0. Work Plan & Objectives
🎯 Target driving characteristics:
- No oscillations
- No lane departures
- Correct turns and lane keeping
Experimental workflow:
- Expand dataset with images from Town 01, Town 02, Town 04, Town 12.
- Define target composition: 50% turns, 15% lane recoveries, 35% straight driving.
- Apply augmentations: vertical cropping (top 35% / top 50%), horizontal reflection, horizontal shifting.
- Generate balanced dataset variants (oversampling and class weighting).
1. Data Acquisition & Composition
Recordings were performed on full routes of Town 01 using on‑demand sampling (G29 wheel buttons).
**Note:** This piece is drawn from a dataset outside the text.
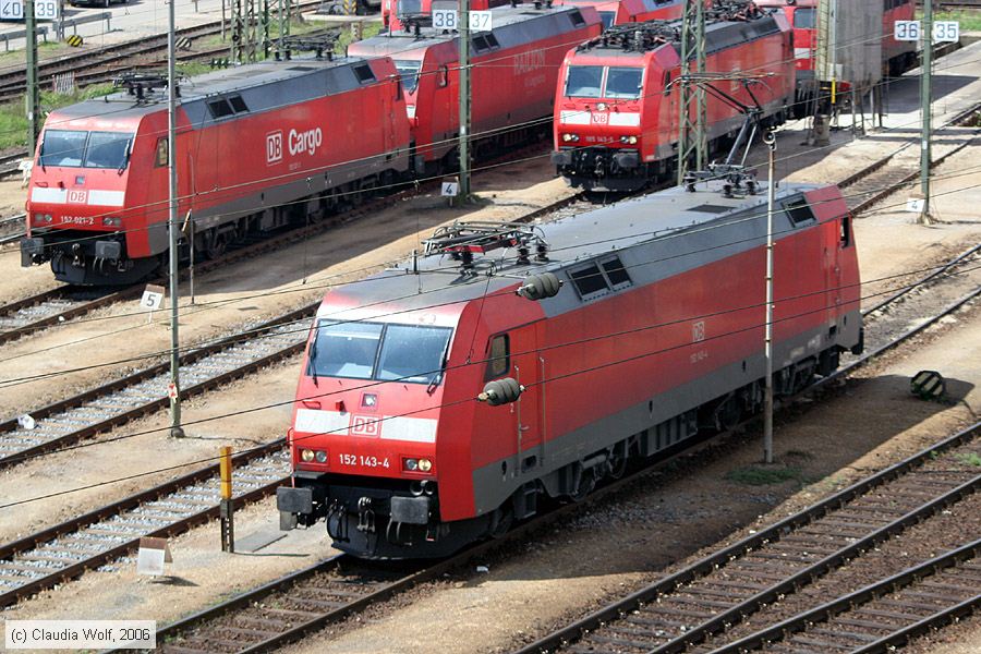 | Deutsche Bahn - 152143-4 Lok 152143-4 in Mannheim Rangierbahnhof, aufgenommen am 29. April 2006. Die Lok ist nur mit DB beschriftet. Gut zu erkennen sind die im Vergleich zu anderen Baureihen sehr aufgeräumten Dachaufbauten. Photo: Claudia Wolf (info@claudia-blondie-wolf.de) Homepage: www.claudia-blondie-wolf.de |

The following driving logs were collected:
- 🔹 Bubble forward driving: 16,209 samples
- 🔸 Bubble right turns: 3,205 samples
- 🔹 Bubble left turns: 633 samples (augmented via mirroring: +527)
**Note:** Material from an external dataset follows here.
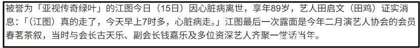 很快港媒向田启文求证,田启文确认了消息属实,并透露江图是在4月15日早上7点多突发心脏病离世。

- 🔸 DAgger “drunk” strong (intensity 0.6): 8,963 samples
- 🔹 DAgger medium (intensity 0.45): 16,482 samples
- 🔸 DAgger weak (intensity 0.3): 11,760 samples
- 🔹 Recoveries from right lane divider: 12,483 samples
- 🔸 Recoveries from left lane: 8,657 samples
- 🔹 Recoveries from centre line: 9,241 samples
From the total pool, a stratified random selection was used to build a dataset with 7,443 samples following the target composition: 50% turns (3,721), 15% recoveries (1,116), 35% straight (2,606).
This composition ensures the network sees balanced steering commands and explicit corrective demonstrations.
2. Dataset Variants – Balancing & Cropping
Fifteen different dataset configurations were generated by combining three factors:
- Balancing method: none (raw), oversampling of minority steering bins, or class‑weighted loss.
- Cropping: none, top 35% crop, top 50% crop.
Naming convention:
- Dataset 00 : raw distribution, no cropping.
- 01–02 : raw + crop 35% / crop 50%.
- 03–05 : oversampled / weighted (without crop, with crop 35%, with crop 50%).
- 06–08 : additional oversampled/weighted with crops (full factorial design).
All models share the same PilotNet architecture (Table 1, Appendix). Training: 20 epochs, batch size 64, Adam, learning rate 1e‑4.
3. Quantitative & Qualitative Results
The table below summarises the driving performance for the most representative dataset variants (full 15‑model evaluation condensed). The row corresponding to Dataset 04 (oversampled + crop35) is highlighted in green and marked with ⭐ as the best performing configuration.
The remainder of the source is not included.